=== WHAT IS EXPECTED ===
Copy out the data below from the line containing "BTC/EUR is seen" to the line containing "Portret van een", both lines included, with all images left out.
========================================
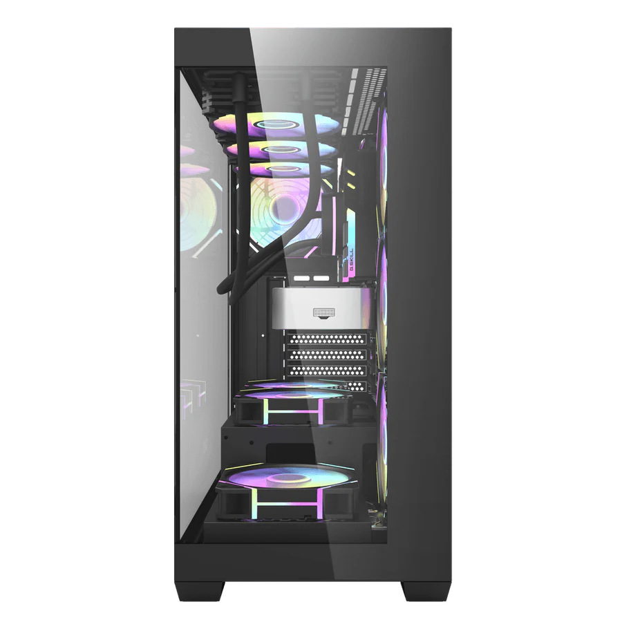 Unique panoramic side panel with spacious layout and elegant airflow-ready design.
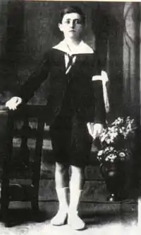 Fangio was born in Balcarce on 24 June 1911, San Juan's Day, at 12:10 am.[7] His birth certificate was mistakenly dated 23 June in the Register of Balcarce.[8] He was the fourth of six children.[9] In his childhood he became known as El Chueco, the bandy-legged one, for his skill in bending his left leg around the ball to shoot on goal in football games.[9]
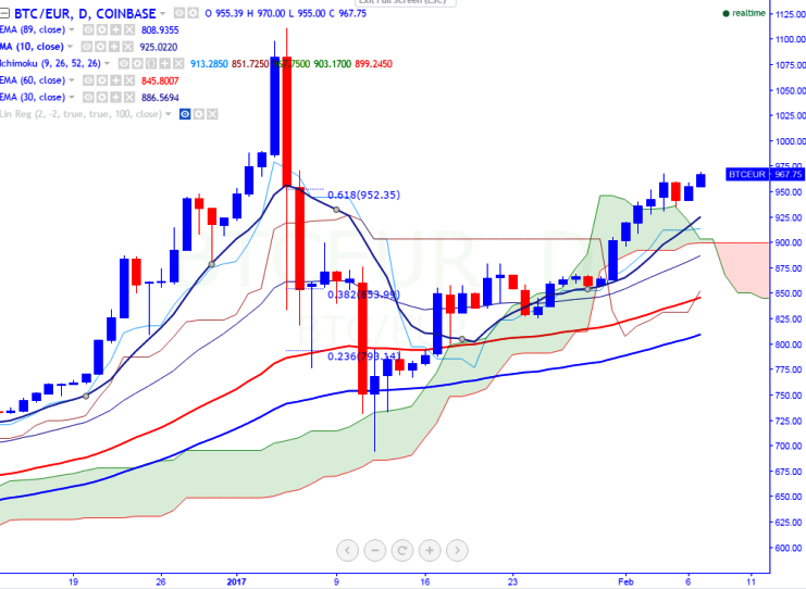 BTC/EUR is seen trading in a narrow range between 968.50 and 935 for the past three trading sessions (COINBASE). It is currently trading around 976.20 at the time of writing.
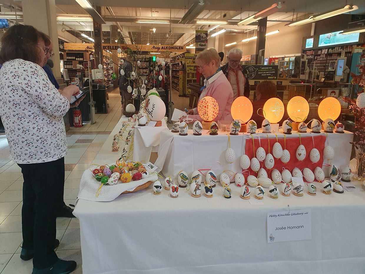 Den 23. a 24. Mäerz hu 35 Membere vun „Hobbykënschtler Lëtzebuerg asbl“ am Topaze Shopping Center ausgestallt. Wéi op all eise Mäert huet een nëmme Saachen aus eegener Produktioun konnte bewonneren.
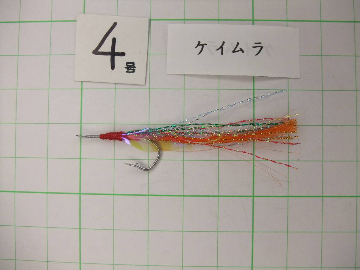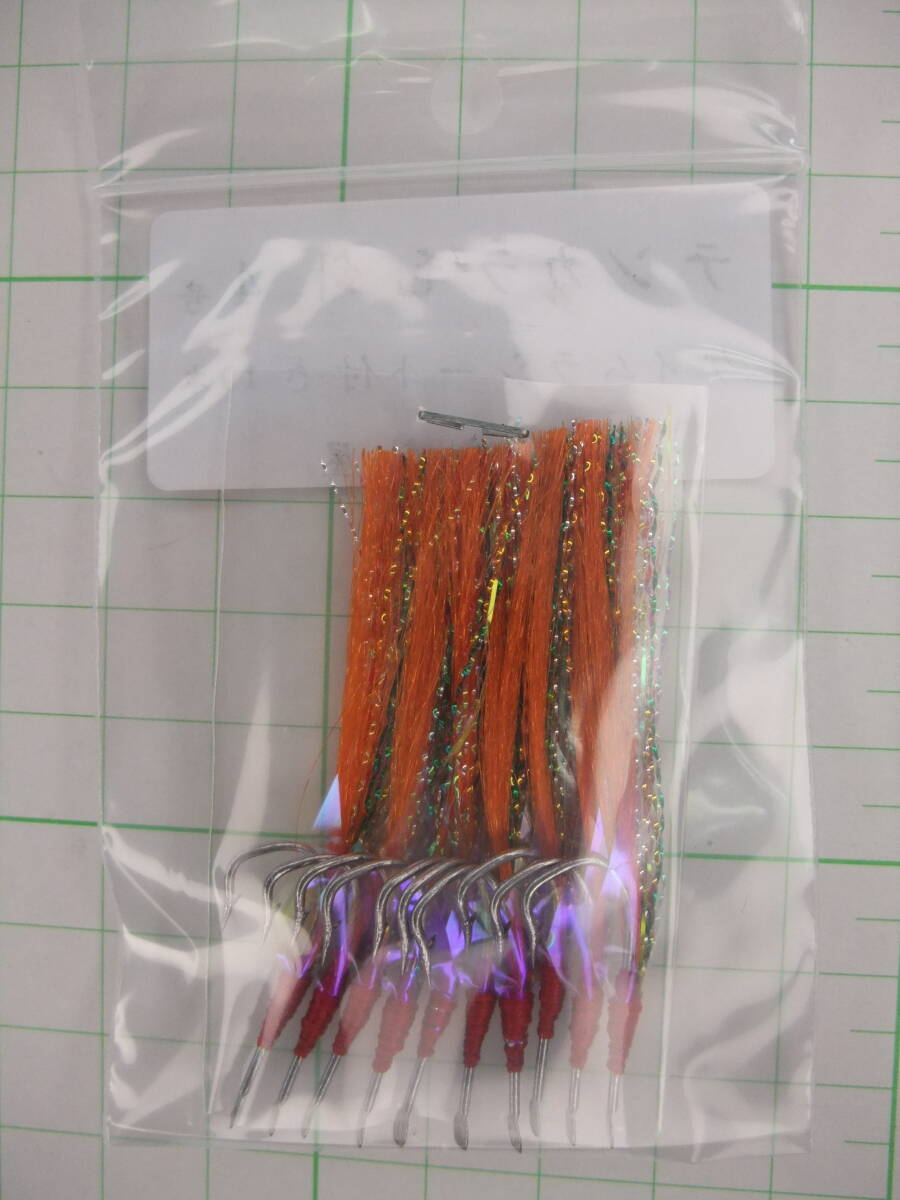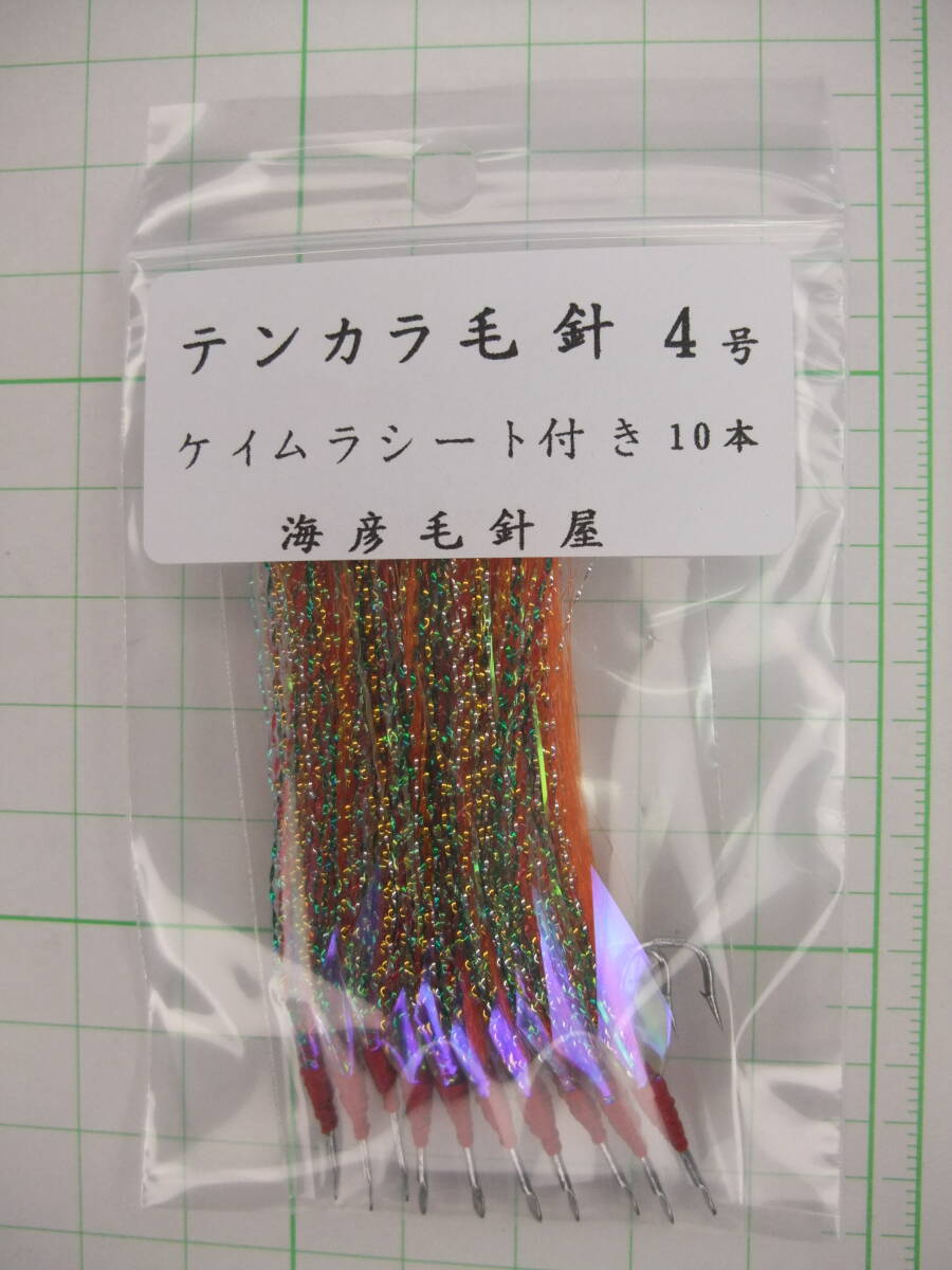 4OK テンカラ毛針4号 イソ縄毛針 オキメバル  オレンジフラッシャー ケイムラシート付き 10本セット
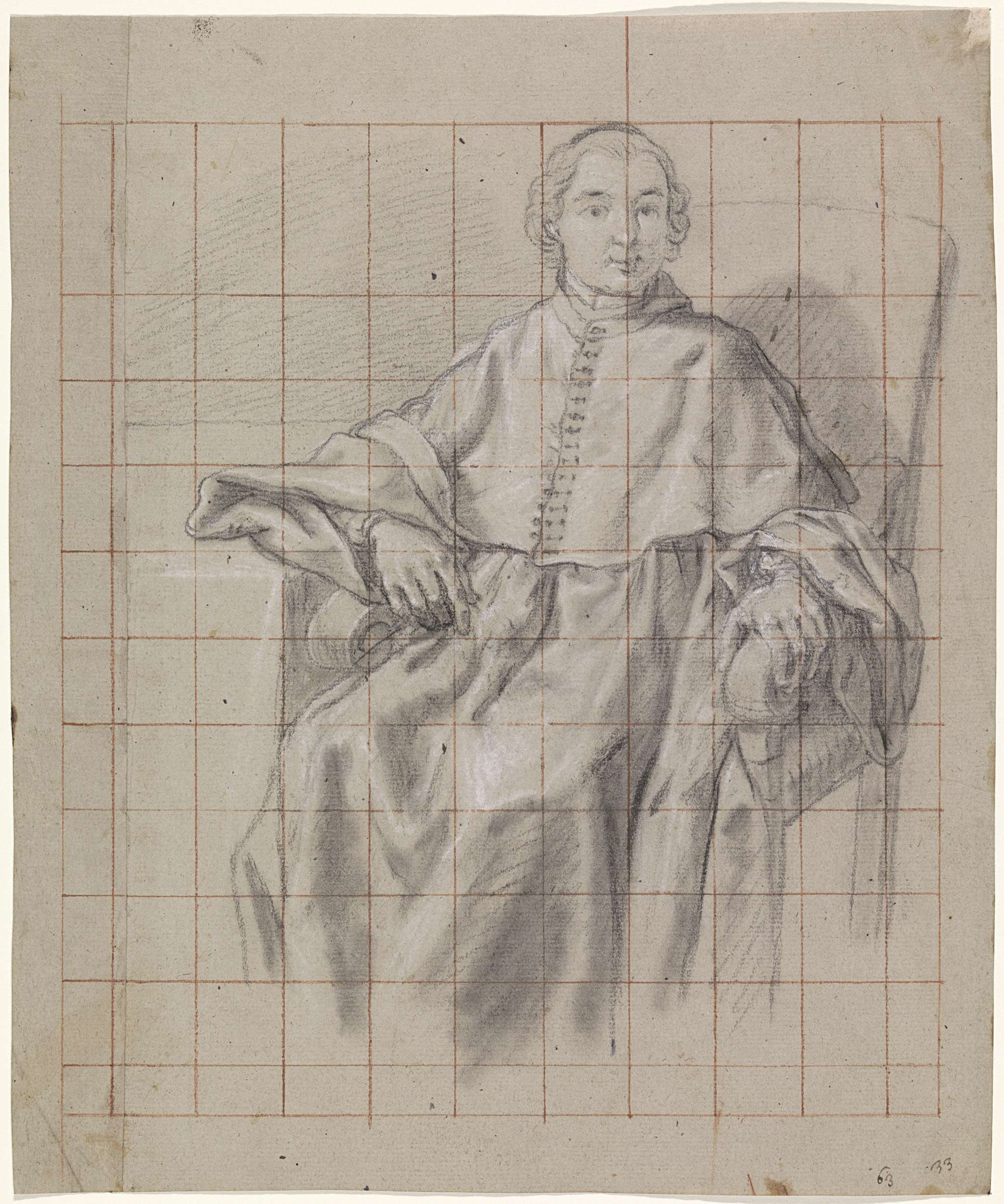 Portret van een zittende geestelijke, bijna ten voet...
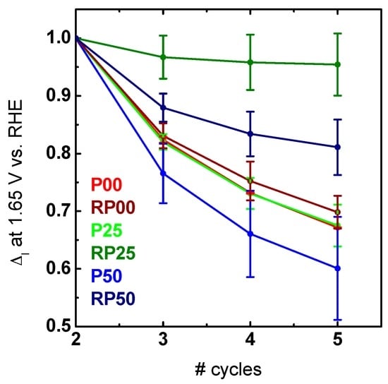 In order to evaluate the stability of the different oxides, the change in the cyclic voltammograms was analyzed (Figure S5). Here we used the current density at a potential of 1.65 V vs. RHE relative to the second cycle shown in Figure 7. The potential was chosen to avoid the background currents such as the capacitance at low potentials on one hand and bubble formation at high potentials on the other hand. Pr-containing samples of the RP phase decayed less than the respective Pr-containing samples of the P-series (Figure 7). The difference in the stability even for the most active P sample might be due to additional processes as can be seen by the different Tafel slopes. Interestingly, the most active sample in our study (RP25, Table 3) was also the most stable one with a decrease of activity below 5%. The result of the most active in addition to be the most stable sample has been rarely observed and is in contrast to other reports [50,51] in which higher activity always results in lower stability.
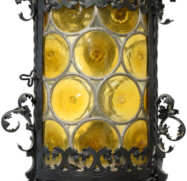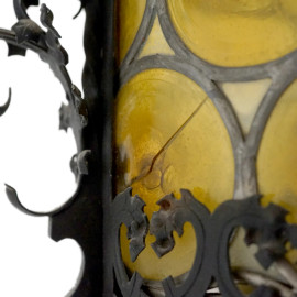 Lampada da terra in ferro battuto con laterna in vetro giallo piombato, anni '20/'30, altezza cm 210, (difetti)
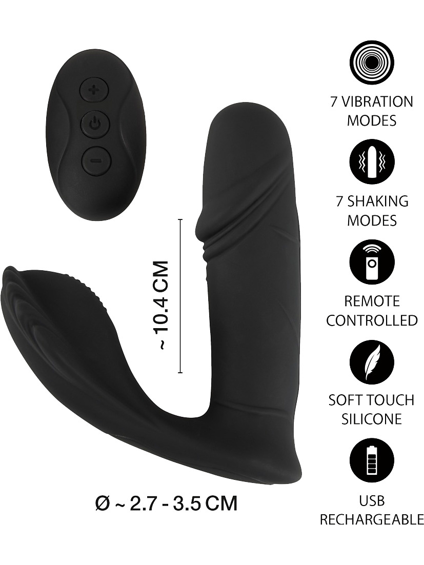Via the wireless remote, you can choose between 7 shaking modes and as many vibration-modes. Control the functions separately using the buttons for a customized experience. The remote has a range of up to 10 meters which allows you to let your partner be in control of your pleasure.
========================================
=== EXERCISE ANSWER ===
 BTC/EUR is seen trading in a narrow range between 968.50 and 935 for the past three trading sessions (COINBASE). It is currently trading around 976.20 at the time of writing.
 Den 23. a 24. Mäerz hu 35 Membere vun „Hobbykënschtler Lëtzebuerg asbl“ am Topaze Shopping Center ausgestallt. Wéi op all eise Mäert huet een nëmme Saachen aus eegener Produktioun konnte bewonneren.
 4OK テンカラ毛針4号 イソ縄毛針 オキメバル  オレンジフラッシャー ケイムラシート付き 10本セット
 Portret van een zittende geestelijke, bijna ten voet...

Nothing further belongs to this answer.